容溫點頭應下“喜歡。”她只是在這里住上幾日,待學會兒了游水就會離開,實在不必為了她的喜好再去布置。
教習容溫學游水的是一位年過四十的婦人,此時已過午時,容溫與顧慕在這處用了午膳后,剛穿過前廳走至后院溫泉池處時,身材瘦削的仆婦上
前介紹著自己“姑娘,老奴賤名王娥,是這處莊子上負責打理進出仆人的,姑娘可直接喚我王婆子。”
容溫看著她,輕聲道“有勞王媽媽。”
王婆子呵呵笑了聲“姑娘客氣,咱們現在就開始吧”
容溫看了眼清澈見底的溫泉池,抿了抿唇,對著王婆子應了聲“好。”她說完,看向一旁的顧慕“二表哥去忙自個的吧,我會跟著王媽媽好好學游水的。”
顧慕坐在松木桌前,拿起杯盞用了口茶,云淡風輕的回她“與陛下休了假,這幾日都在這里陪著你,你只管去學,我在屏風后待著便是。”
他都這樣說了,容溫也不理會他了,跟著王婆子繞了幾繞,走進了溫泉池。
這處溫泉池很敞闊,足有平常百姓家的一處小院那般大,四周假山林立,紫藤花蔓延垂落,儼然似一個由花石堆積起來的世外桃源,容溫四下瞧了眼,此處幽靜而澄澈,紫藤花的影子倒映在溫泉水中,與月兒湖底的色彩頗為相似。

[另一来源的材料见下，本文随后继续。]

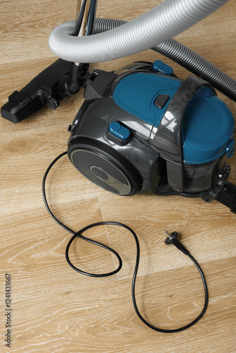 Modern blue vacuum cleaner on the wooden floor in living room. Heart Shape. Clean House Concept. Close-up

溫泉水清澈溫熱,容溫并不畏懼,她已在心中說服了自己,不愿外祖母為她憂心自責,就如說書先生說過的,越是畏就越是恐,黑夜中的團影足以擊垮人的心智,可當去面對,去打破,一切都只不過是幻影。
不過,她也只能說服自己來學游水,至于能不能做到,她自己也不知道。
容溫下了水后,已在水中的王婆子略顯粗糙的一雙手上前扶住她的臂彎,先是給容溫說解了一番學習游水的要領,以及如何抗拒初次學游水身體的本能排斥。
容溫聽的認真,王婆子也是個善談的人,片刻不停的給容溫說道了有一刻鐘,還說她家中的幾個孩子都是她教會的游水,這會兒她的小兒子不過八歲的年紀就可以下水捉魚了。
容溫對她淺淺笑了下,王婆子見她放松了神色,就對容溫道“姑娘,咱們開始吧,先從水中憋氣開始練”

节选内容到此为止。